Vaccines contain known cancer-causing substances like formaldehyde and monkey viruses among others. By manipulating common childhood illnesses that actually help the body detoxify and prevent chronic conditions like cancers later in life and by directly introducing disease causing substances vaccines are creating the explosion of cancers and other chronic disorder epidemics we observe in society today.
Viruses used in vaccines revert to their original virulence, proliferate and create havoc within the body by confusing the vital system of cell communication. The panic disorders we observe today may be due to this. Vaccine adverse effects have a geno-toxic effect and have inter-generational effects crossing over to subsequent generations.
The above description only partially describes vaccination harm. With each passing day researchers are discovering more and more ways in which vaccines harm the physical mental and emotional make-up of the unfortunate victims.

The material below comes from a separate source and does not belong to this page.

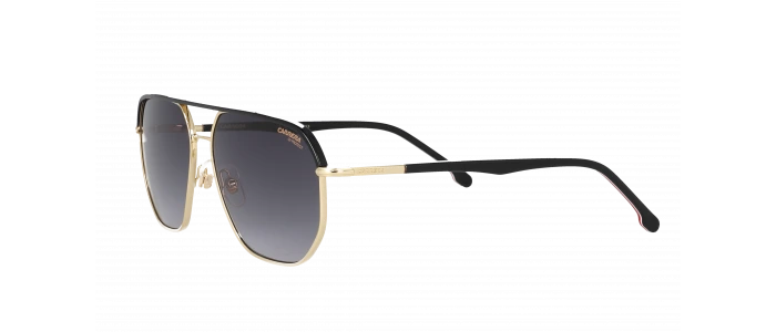 Découvrez le modèle de lunettes de soleil Carrera 304/S pour un style urbain. Monture dorée cerclée en métal, verres gris dégradés, et protection UV catégorie 3. Parfait pour les visages rectangulaires, carrés, ronds, ovales ou en triangle.

Thanks Bob for a very informative comment.
Four long articles on vaccines… How is the average carpenter, shopkeeper or house mom supposed to makes sense of all this, let alone empower them for debate?
Why not keep it simple? Mention Dr Lanka who offered Eur 100K for anyone who could prove Measles. Or, how Dr Lanka followed virology standard protocol and found HIV, Ebola, Zika, Polio etc in any standard cell culture? This saves time wasted on vaccine articles. It’s already been going on for 200 years. When are we finally going to stop?
Thanks John. I think understanding the history of vaccination programs, looking at potential vaccine harms and the exploring the evidence exposing manipulation of the vaccine narrative is also important. I am aware that Lanka won his case proving that the claimant had not met the specific requirements of his competition rules. Though I note, despite many claims to the effect, the court did not accept that no one could prove the existence of the measles virus. Rather they accepted that the proof did not exist in the form specified by Lanka. I am also aware of Lanka’s recent claims about a forthcoming published paper disproving the virology method. I look forward to reading the the long awaited publication of this paper.